Microbench (2 processor T4240):
barrier bench 0.387543 seconds
parallel bench 0.258221 seconds
static bench 0.0215772 seconds
dynamic bench 0.224599 seconds
guided bench 0.00639818 seconds
runtime bench 0.229863 seconds
single bench 0.0711802 seconds
Microbench (24 processor T4240):
barrier bench 5.74687 seconds
parallel bench 2.38893 seconds
static bench 0.118236 seconds
dynamic bench 0.2516 seconds
guided bench 0.00146854 seconds
runtime bench 0.250789 seconds
single bench 0.543456 seconds
This is a major improvement compared to the previous versions. In the parallel bench profile, the only operating system function is _Futex_Wake() with 13% processor utilization. This is all right, since barrier operations are heavily used in this test case.

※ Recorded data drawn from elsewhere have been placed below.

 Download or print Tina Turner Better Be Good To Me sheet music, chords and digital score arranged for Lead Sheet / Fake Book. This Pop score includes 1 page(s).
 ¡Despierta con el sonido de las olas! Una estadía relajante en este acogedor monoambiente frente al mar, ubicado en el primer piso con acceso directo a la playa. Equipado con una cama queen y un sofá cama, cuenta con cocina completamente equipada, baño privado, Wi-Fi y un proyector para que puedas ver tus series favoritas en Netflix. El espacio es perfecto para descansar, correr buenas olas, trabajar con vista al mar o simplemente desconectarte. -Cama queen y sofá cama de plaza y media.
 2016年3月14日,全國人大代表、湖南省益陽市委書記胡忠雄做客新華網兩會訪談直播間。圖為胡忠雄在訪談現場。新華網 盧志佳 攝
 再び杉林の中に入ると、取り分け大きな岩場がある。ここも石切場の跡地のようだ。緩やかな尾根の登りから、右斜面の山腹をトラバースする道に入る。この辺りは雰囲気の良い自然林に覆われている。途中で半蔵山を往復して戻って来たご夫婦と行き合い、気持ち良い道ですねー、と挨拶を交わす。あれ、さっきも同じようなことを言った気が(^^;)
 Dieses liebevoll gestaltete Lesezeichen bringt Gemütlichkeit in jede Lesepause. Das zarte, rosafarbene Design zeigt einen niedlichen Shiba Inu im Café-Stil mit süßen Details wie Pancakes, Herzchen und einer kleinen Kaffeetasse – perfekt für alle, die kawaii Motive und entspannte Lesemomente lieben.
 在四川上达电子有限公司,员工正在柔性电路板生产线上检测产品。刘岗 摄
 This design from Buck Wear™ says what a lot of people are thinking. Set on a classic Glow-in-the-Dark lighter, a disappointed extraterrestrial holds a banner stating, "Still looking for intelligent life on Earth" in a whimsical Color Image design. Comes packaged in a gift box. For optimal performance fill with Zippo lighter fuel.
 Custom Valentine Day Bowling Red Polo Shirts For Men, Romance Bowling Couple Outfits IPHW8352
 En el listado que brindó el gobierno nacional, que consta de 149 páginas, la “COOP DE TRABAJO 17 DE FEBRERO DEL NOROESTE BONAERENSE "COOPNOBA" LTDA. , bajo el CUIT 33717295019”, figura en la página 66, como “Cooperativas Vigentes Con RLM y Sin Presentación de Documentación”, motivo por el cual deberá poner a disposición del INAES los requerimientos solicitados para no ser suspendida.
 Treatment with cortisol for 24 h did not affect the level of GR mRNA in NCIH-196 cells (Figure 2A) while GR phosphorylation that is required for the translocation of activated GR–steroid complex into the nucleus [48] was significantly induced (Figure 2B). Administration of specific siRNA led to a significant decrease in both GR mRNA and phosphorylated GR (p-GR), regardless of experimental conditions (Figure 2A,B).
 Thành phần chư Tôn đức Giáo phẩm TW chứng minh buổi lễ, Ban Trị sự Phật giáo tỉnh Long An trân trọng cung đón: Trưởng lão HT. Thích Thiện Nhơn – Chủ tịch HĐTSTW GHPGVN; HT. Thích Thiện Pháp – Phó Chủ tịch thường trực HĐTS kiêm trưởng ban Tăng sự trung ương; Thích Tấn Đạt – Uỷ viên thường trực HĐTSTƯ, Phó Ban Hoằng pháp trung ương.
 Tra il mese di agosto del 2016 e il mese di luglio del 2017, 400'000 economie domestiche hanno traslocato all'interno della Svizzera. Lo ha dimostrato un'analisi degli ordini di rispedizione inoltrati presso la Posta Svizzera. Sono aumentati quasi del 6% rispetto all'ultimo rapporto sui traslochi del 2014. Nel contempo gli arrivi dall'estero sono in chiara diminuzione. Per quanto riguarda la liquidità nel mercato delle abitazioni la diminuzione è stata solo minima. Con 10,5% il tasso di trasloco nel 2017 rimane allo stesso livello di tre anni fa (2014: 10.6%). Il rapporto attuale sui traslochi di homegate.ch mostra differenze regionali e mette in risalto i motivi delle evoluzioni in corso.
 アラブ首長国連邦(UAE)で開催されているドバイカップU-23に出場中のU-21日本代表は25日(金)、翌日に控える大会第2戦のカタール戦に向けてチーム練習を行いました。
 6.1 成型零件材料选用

Changed on 07/23/15 at 08:01:05 by Sebastian Huber
comment:7 Changed on 07/31/15 at 05:28:42 by Sebastian Huber
The relevant Newlib patches are checked in:
The relevant RTEMS patches are checked in:
https://git.rtems.org/rtems/commit/?id=9e9e61d27d146e2ca83d5b0f590683a3f605c3f1
The relevant GCC patches are sent for review:
https://gcc.gnu.org/ml/gcc-patches/2015-07/msg01837.html
https://gcc.gnu.org/ml/gcc-patches/2015-07/msg02347.html
comment:8 Changed on 09/04/15 at 11:45:56 by Sebastian Huber <sebastian.huber@…>
Resolution: | → fixed |
---|---|
Status: | accepted → closed |
comment:9 Changed on 10/10/17 at 05:58:26 by Sebastian Huber
Component: | GCC → tool/gcc |
---|
OpenMP using the POSIX configuration is available in GCC 4.9.3 and later. It is enabled in the RSB for RTEMS 4.11 on ARM, PowerPC and SPARC.